Day 281 – Nature of Programming

85 – “Hello World” in 100 Programming Languages

This is a more technical post than the usual 365 fare.
Apologies to the non-programmers.

On the face of it, programming is about creating programs that do something useful. Turning a problem into a solution. And hopefully a working one at that.

To me, programming is about quite a bit more than that; it’s the act of taking an abstract idea and trying to encode all aspects of that idea into a correctly functioning piece of software. I use the word “trying” with purpose, because expressions in real-world programming languages are all just approximations of this ideal. Real-world programs always have some level of defects and “good enough” about them.

In the first instance I’d always strive for the ideal though.

Programming languages provide a great many tools to express meaning; comments, named variables and methods, automated tests, type systems, code contracts with formal verification.

The strongest expressions of meaning are always preferred; a formally verified code contract beats using parameter types alone. Boxing-in the meaning through parameter types beats well considered names. And even code comments beat constraints inherent in the idea that are left un-expressed altogether.

Every piece of meaning from the original idea that is added to a piece of code improves the chances of it getting implemented and maintained correctly. Additional meaning might have the compiler catch you in a lie before it becomes a bug. Additional meaning might help you remember the nit-picky details of how things hang together when you try to work on a piece of code years after you originally wrote it.

When I start with an idea, I look at it from all the angles. I try to work out what the underlying truths of the idea are. And then I try to find a way to translate all of these truths into pieces of the program.

Code contracts can expose code paths that can lead to null pointers where my feeble brain told me it was impossible for them to appear. Exploiting the type system can let the compiler warn me when I’m about to crash the Mars lander by mixing up my feet and metres.

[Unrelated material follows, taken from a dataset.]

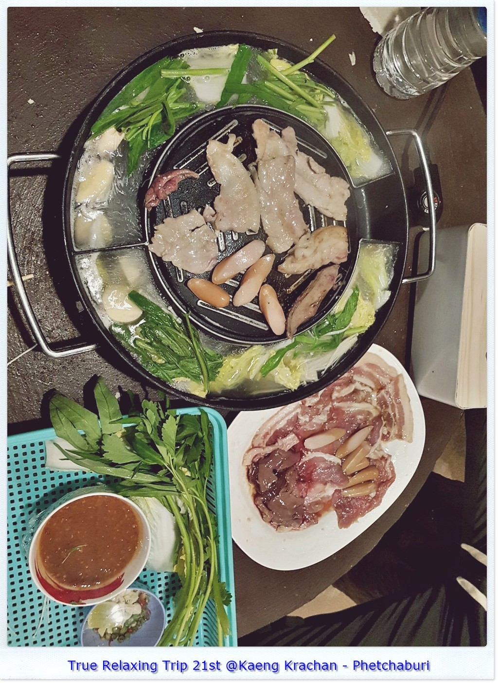 ตกเย็นก็สั่งชุดหมูกระทะจากที่พักได้เลย มีบริการถึงทุ่มครึ่ง ราคาชุดละ 350 บาท แต่ถ้าไม่พอสั่งเพิ่มได้ เลยสั่งชุดหมุเพิ่ม 100 บาท ถือว่าราคา 350 บาท/ชุดแล้วปริมาณแค่นี้ น้อยไปนิด แต่ของเค้าดีนะ เนื้ออร่อย หมักมาดี สามชั้นดูดี ดูหนา ผักให้มาน้อยไปนิด น้ำจิ้มให้มาเยอะมาก อร่อยดี ถือว่าดีถ้าไม่ติดที่เวลาปิ้งไปกระเด็นไป เจ็บมือไปหมด กินเสร็จก็นอนได้ ตอนนอนก็ทำใจนิดหน่อยนะ ยิ่งถ้าเป็นคนเข้าห้องน้ำบ่อยๆ ยิ่งลำบาก เพราะห้องน้ำอยู่ข้างนอก เวลาจะเข้าห้องน้ำทีต้องรูดซิปเต้นท์ออกมา ซึ่งเสียงมันก็จะดังๆหน่อย คนที่นอนด้วยก็จะตื่นกันหมด เข้าออกก็จะลำบากหน่อย สรุปการนอนเต้นท์ครั้งแรก....อยากหาทำอีก 5555+ มันไม่ใช่แนวจริงๆ

Expressively naming my methods and variables can help me spot where I’ve forgotten to sanitise a user-input.

And the trick is to push the encoding of concepts as far as possible into the strongest encodings the language has available.

Sure, I could make all my variables dynamic, then add unit tests to verify appropriate behaviour by variable type… but why not use a strong type system instead? Dynamic variables should really only be used where there is no alternative; maybe because some aspect of the strong type system is too strong to express the flexibility inherent in an implementation. But to use them routinely and then patch the hole with unit tests shows a very profound misunderstanding of the purpose of the type system.

Sometimes approaches can be combined to make an even stronger encoding of a concept. Just using Hungarian Notation to differentiate sanitised user input from un-sanitised user input is a good start… but adding program-wide automated testing in the build system to verify that variables using the naming convention for sanitised input only are assigned from sanitised input, or from the sanitisation method reinforces the concept in a way that makes it almost part of the language itself. A visible portion of the code that is verified by almost-the-compiler.

And there will be concepts that are hard or impossible to encode to the ultimate degree.

A variable name can indicate that the assigned value should only ever be a prime number… but there is very little that can be done to guarantee this is true, beyond hoping everyone is careful not to break that promise in the code. There is no way to reasonably implement a strongly typed “PrimeNumber” type.

But that doesn’t mean we shouldn’t keep trying.

And sooner or later, the ad-hoc encodings that have broad use and applicability will turn into new programming language paradigms for the next generation of languages. And they will be harder to program in… but only because they won’t allow us to be nearly as imprecise with our “words”.

You can lament the fact that not using dynamic variables means that you need to put in some extra effort… but all I hear is “why can’t you let me have some more hard-to-diagnose bugs?”